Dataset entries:
>>>

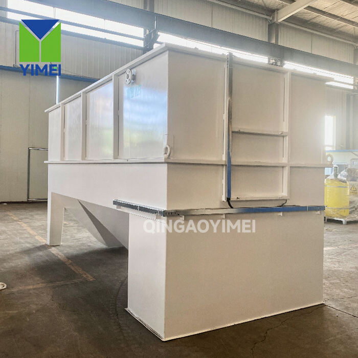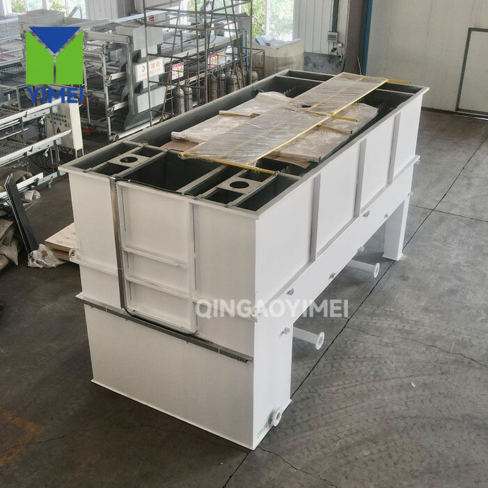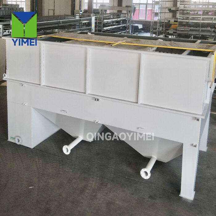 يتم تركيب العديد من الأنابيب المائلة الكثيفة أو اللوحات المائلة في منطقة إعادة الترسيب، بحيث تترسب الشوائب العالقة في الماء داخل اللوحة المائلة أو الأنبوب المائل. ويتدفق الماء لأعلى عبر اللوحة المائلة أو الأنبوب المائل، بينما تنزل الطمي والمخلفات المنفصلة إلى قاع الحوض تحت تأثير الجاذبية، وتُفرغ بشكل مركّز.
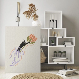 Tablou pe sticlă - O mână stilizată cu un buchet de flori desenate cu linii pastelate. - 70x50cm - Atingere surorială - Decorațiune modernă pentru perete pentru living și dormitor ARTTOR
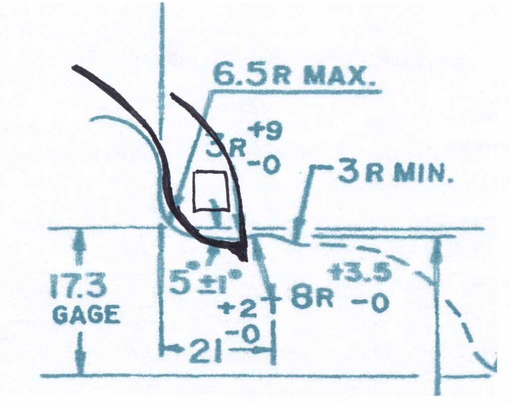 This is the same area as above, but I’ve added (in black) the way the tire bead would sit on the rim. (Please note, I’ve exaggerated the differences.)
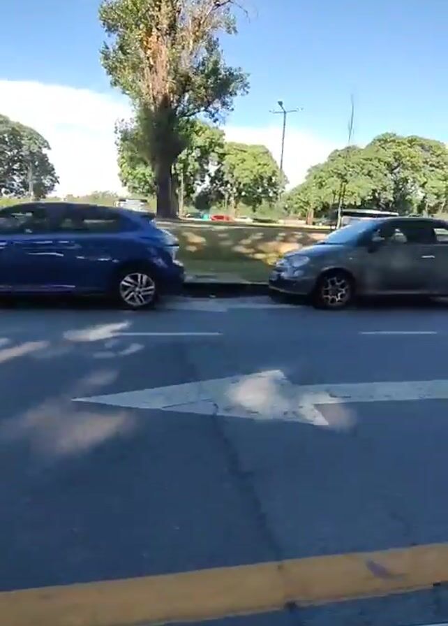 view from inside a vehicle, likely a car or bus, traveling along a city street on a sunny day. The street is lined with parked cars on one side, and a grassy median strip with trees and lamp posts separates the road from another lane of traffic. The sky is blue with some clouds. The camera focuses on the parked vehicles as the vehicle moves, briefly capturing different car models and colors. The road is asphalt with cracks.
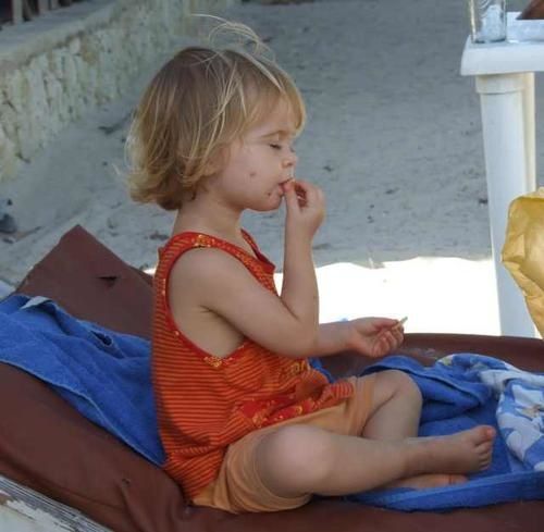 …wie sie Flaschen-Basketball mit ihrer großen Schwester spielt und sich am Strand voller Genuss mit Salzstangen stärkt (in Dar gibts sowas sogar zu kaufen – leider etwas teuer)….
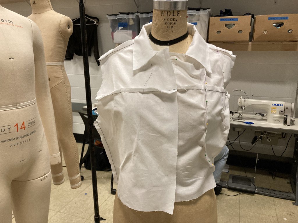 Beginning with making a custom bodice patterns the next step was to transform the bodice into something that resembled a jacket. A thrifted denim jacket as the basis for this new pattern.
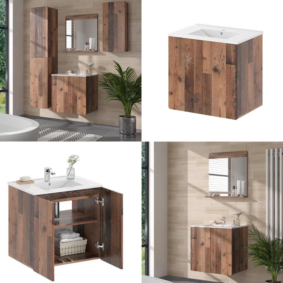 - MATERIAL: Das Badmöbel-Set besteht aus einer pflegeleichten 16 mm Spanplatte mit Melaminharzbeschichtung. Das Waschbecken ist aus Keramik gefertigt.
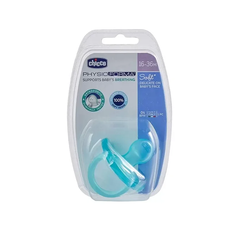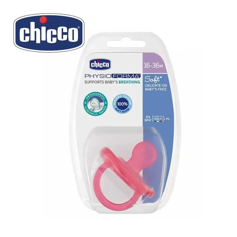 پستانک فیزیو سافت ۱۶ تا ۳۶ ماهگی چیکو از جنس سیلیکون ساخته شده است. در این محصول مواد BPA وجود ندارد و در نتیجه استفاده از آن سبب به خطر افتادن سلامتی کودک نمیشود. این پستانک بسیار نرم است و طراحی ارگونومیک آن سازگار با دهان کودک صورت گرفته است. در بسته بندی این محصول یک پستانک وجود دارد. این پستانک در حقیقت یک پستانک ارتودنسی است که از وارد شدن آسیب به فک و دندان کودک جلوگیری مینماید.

<<<

The problem: A word-for-word copy of the entries above is needed, with every picture dropped.

The answer:
 يتم تركيب العديد من الأنابيب المائلة الكثيفة أو اللوحات المائلة في منطقة إعادة الترسيب، بحيث تترسب الشوائب العالقة في الماء داخل اللوحة المائلة أو الأنبوب المائل. ويتدفق الماء لأعلى عبر اللوحة المائلة أو الأنبوب المائل، بينما تنزل الطمي والمخلفات المنفصلة إلى قاع الحوض تحت تأثير الجاذبية، وتُفرغ بشكل مركّز.
 Tablou pe sticlă - O mână stilizată cu un buchet de flori desenate cu linii pastelate. - 70x50cm - Atingere surorială - Decorațiune modernă pentru perete pentru living și dormitor ARTTOR
 This is the same area as above, but I’ve added (in black) the way the tire bead would sit on the rim. (Please note, I’ve exaggerated the differences.)
 view from inside a vehicle, likely a car or bus, traveling along a city street on a sunny day. The street is lined with parked cars on one side, and a grassy median strip with trees and lamp posts separates the road from another lane of traffic. The sky is blue with some clouds. The camera focuses on the parked vehicles as the vehicle moves, briefly capturing different car models and colors. The road is asphalt with cracks.
 …wie sie Flaschen-Basketball mit ihrer großen Schwester spielt und sich am Strand voller Genuss mit Salzstangen stärkt (in Dar gibts sowas sogar zu kaufen – leider etwas teuer)….
 Beginning with making a custom bodice patterns the next step was to transform the bodice into something that resembled a jacket. A thrifted denim jacket as the basis for this new pattern.
 - MATERIAL: Das Badmöbel-Set besteht aus einer pflegeleichten 16 mm Spanplatte mit Melaminharzbeschichtung. Das Waschbecken ist aus Keramik gefertigt.
 پستانک فیزیو سافت ۱۶ تا ۳۶ ماهگی چیکو از جنس سیلیکون ساخته شده است. در این محصول مواد BPA وجود ندارد و در نتیجه استفاده از آن سبب به خطر افتادن سلامتی کودک نمیشود. این پستانک بسیار نرم است و طراحی ارگونومیک آن سازگار با دهان کودک صورت گرفته است. در بسته بندی این محصول یک پستانک وجود دارد. این پستانک در حقیقت یک پستانک ارتودنسی است که از وارد شدن آسیب به فک و دندان کودک جلوگیری مینماید.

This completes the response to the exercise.